(The Center Square) – A bill that would increase the standard deduction for Georgia families to $100,000 is up for a state Senate vote on Thursday.
Senate Bill 476 would also increase the standard deduction to $50,000 for single filers.
It’s the first step in a plan proposed by Senate Republicans to eliminate the state income tax over the next six years. The income tax break would eliminate state income taxes for some families in its first year, they said.
Slashing some corporate tax breaks would make up the lost revenue in the second year, according to Sen. Blake Tillery, R-Vidalia, the bill’s sponsor.

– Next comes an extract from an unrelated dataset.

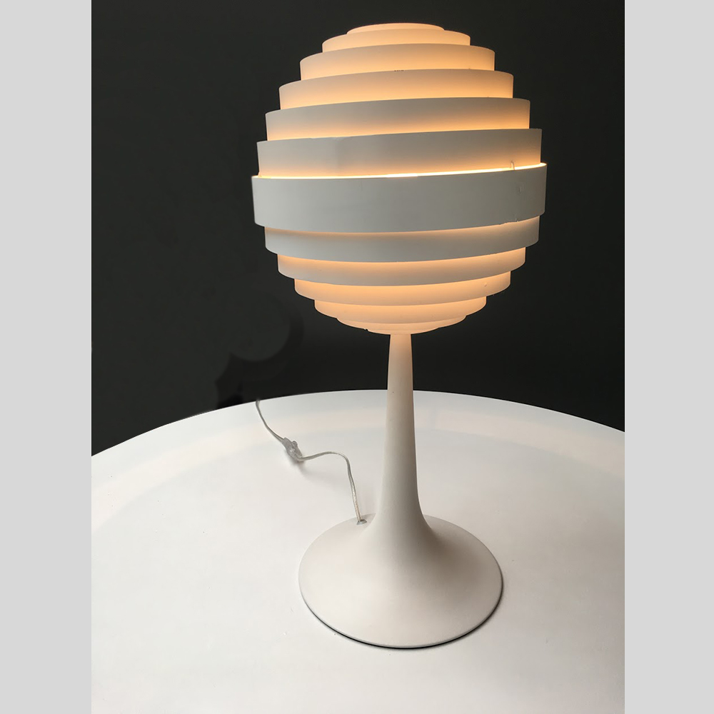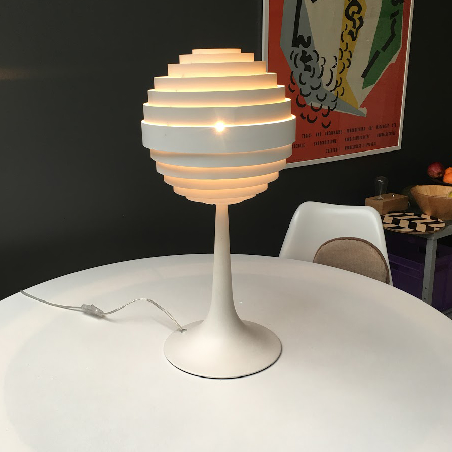 Made from metal and measures 63cm height x 26cm dia. In-line switch. Includes en E27 bulb.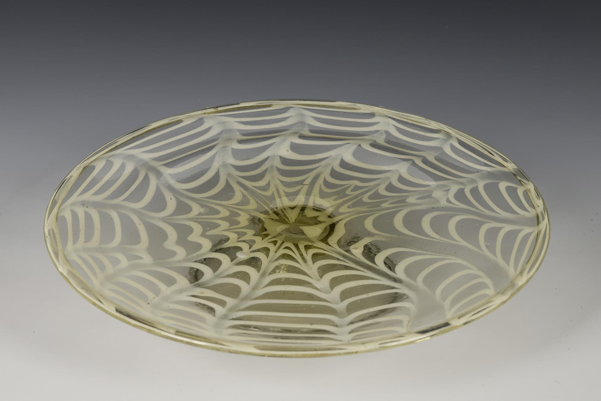 Colourless, greenish glass with melted, combed opal glass threads. H 3.5 cm, Ø 20 cm.

Some of the cuts are to little-known sales tax credits like a “yacht tax credit” on boat parts.
Other cuts have been previously discussed by lawmakers, including the slashing of tax reprieves for data centers.
The bill would cut two tax credits, one for new data centers and one for computer equipment.

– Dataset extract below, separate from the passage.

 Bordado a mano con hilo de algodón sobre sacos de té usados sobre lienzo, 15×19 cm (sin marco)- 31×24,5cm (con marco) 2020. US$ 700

“The University of Georgia Carl Vinson Institute said that at least 70% of them would have come anyway and that we were giving our money away,” said Chairman Chuck Hufstetler, R-Rome. “And like I said earlier, that’s one whole month of income taxes to gave a small group that credit.”

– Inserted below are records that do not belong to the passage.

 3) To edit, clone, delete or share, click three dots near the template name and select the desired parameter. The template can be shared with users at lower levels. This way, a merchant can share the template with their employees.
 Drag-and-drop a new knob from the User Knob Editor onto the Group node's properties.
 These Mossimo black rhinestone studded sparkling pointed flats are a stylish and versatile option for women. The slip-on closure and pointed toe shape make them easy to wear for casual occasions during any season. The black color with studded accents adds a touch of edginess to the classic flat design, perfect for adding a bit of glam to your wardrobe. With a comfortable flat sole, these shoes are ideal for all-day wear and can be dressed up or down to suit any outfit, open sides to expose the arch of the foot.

Hufstetler has introduced a separate bill to eliminate tax relief for data centers.
The bill covers the first two years of a six-year plan to eliminate the state income tax to zero, according to Tillery.
Some Democrats have opposed the bill, citing concerns about cuts to services or increased taxes elsewhere. The bill does not raise motor fuel or sales taxes, nor does it add a property tax.
The Senate meets at 10 a.m. on Thursday.